__Task prompt__:
Take the listing below and print exactly the lines starting at the line containing "- Button closure, self" and ending at the line containing "小茶幾、凳子、化妝臺也同樣適", both ends included, and no others.

__Provided information__:
────────────────────────────────────────

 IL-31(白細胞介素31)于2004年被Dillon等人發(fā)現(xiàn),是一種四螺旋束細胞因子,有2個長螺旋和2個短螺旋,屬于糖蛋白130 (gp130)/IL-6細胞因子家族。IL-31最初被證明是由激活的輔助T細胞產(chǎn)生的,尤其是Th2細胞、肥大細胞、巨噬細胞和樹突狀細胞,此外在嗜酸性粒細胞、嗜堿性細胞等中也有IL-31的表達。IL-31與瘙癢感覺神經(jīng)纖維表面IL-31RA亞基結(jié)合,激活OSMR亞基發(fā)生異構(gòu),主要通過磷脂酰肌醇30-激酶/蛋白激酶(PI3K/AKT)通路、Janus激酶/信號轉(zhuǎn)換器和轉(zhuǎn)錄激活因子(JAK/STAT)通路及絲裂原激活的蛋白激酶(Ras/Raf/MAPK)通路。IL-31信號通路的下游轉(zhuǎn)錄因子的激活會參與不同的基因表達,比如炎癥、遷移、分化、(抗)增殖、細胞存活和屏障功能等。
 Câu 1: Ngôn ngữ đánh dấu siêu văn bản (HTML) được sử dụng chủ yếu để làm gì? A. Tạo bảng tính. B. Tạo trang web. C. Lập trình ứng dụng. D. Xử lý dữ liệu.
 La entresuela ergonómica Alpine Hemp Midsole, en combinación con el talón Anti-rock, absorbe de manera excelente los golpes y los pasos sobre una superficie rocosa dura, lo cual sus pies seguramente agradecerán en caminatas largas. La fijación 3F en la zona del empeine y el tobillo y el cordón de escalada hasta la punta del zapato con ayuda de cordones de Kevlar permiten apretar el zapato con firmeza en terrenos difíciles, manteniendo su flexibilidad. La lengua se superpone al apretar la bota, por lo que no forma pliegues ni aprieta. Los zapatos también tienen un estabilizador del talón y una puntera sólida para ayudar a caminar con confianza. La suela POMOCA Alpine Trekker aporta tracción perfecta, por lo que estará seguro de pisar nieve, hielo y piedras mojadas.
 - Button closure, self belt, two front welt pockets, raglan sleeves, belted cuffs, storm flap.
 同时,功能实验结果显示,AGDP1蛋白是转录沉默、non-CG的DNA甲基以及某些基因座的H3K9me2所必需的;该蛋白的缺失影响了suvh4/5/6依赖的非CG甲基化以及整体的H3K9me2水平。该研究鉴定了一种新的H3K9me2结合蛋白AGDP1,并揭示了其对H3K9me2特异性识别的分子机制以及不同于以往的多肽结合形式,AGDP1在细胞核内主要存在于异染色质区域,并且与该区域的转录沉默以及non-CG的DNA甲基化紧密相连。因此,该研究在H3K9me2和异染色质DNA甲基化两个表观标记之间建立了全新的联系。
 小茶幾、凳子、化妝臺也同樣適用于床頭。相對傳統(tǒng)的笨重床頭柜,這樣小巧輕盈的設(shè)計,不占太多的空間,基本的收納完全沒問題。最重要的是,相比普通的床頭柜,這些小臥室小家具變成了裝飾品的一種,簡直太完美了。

────────────────────────────────────────

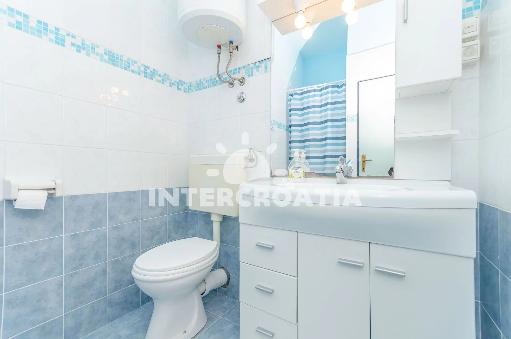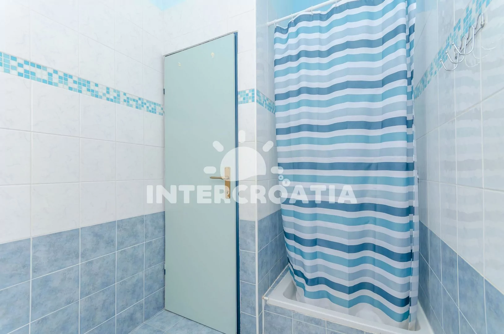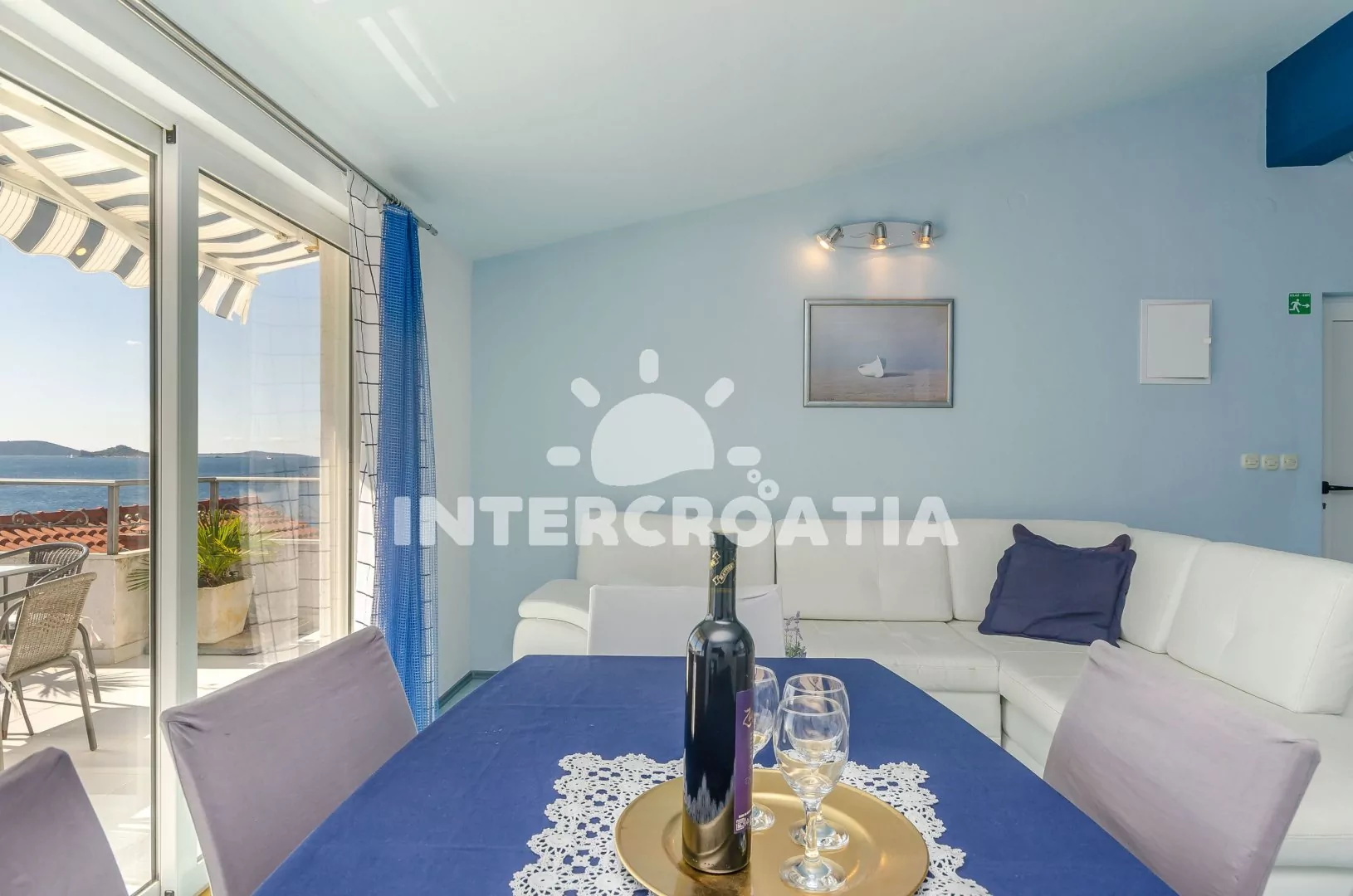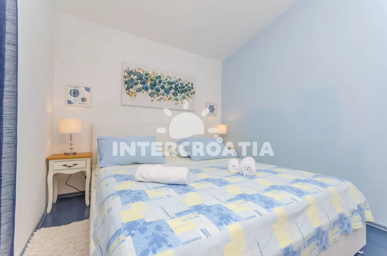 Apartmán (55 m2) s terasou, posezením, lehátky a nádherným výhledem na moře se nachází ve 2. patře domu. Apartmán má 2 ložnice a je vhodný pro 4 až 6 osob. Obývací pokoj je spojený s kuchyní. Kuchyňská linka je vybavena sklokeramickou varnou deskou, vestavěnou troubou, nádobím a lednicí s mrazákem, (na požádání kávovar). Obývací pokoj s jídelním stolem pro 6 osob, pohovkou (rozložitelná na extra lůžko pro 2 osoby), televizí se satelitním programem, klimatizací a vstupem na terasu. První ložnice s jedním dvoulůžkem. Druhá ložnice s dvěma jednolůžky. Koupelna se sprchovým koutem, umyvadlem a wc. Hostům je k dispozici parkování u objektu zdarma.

────────────────────────────────────────

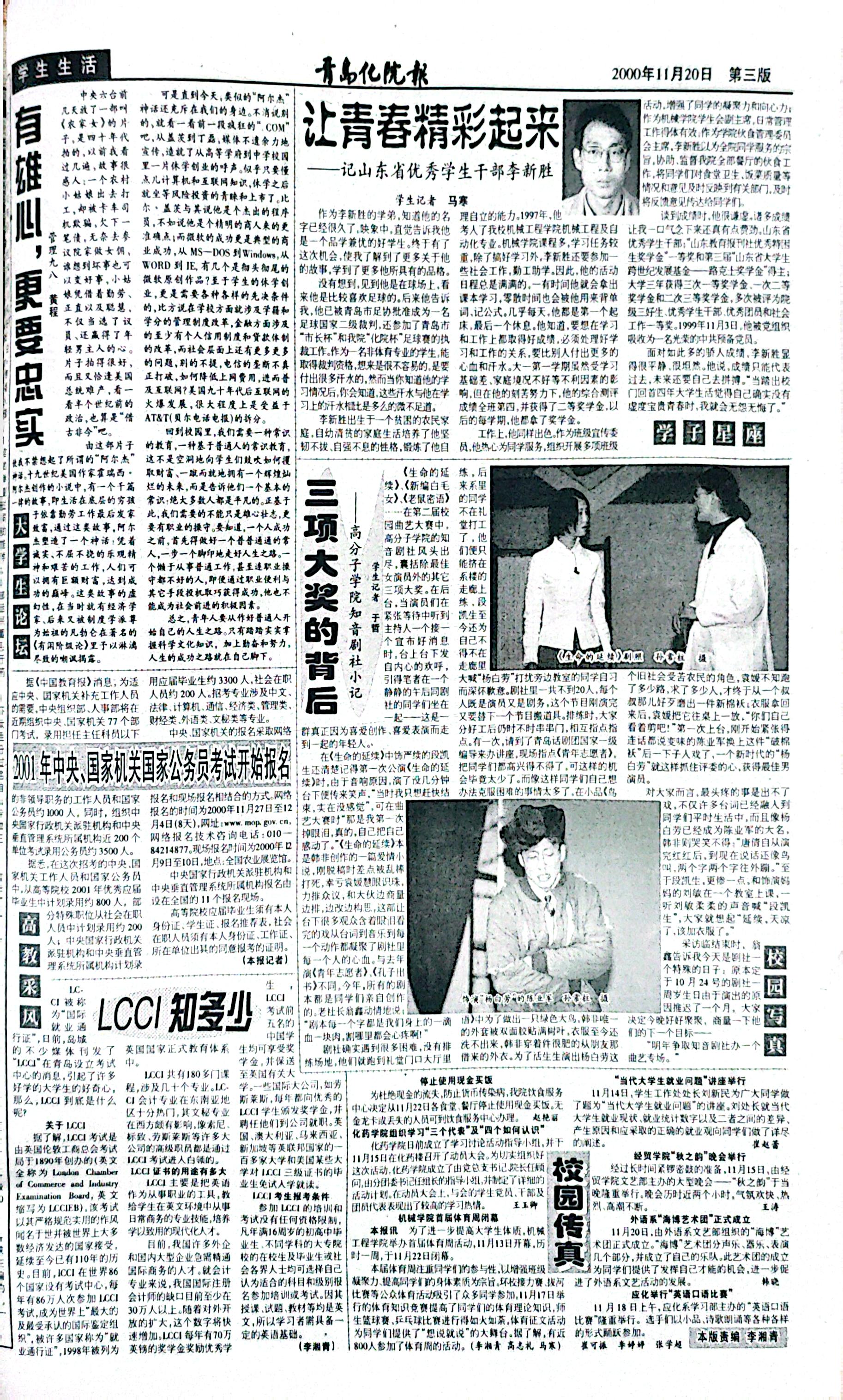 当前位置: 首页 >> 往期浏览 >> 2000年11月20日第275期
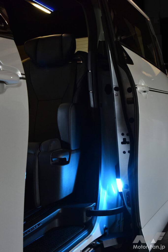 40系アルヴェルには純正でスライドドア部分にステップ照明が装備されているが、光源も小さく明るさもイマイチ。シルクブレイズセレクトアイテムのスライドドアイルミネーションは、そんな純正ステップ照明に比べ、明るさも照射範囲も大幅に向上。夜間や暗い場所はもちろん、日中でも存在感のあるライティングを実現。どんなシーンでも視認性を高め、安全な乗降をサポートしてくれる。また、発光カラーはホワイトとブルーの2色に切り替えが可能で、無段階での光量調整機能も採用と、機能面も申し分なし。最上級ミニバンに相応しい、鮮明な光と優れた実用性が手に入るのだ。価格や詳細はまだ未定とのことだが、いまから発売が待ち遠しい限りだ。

────────────────────────────────────────

__Task answer__:
 - Button closure, self belt, two front welt pockets, raglan sleeves, belted cuffs, storm flap.
 同时,功能实验结果显示,AGDP1蛋白是转录沉默、non-CG的DNA甲基以及某些基因座的H3K9me2所必需的;该蛋白的缺失影响了suvh4/5/6依赖的非CG甲基化以及整体的H3K9me2水平。该研究鉴定了一种新的H3K9me2结合蛋白AGDP1,并揭示了其对H3K9me2特异性识别的分子机制以及不同于以往的多肽结合形式,AGDP1在细胞核内主要存在于异染色质区域,并且与该区域的转录沉默以及non-CG的DNA甲基化紧密相连。因此,该研究在H3K9me2和异染色质DNA甲基化两个表观标记之间建立了全新的联系。
 小茶幾、凳子、化妝臺也同樣適用于床頭。相對傳統(tǒng)的笨重床頭柜,這樣小巧輕盈的設(shè)計,不占太多的空間,基本的收納完全沒問題。最重要的是,相比普通的床頭柜,這些小臥室小家具變成了裝飾品的一種,簡直太完美了。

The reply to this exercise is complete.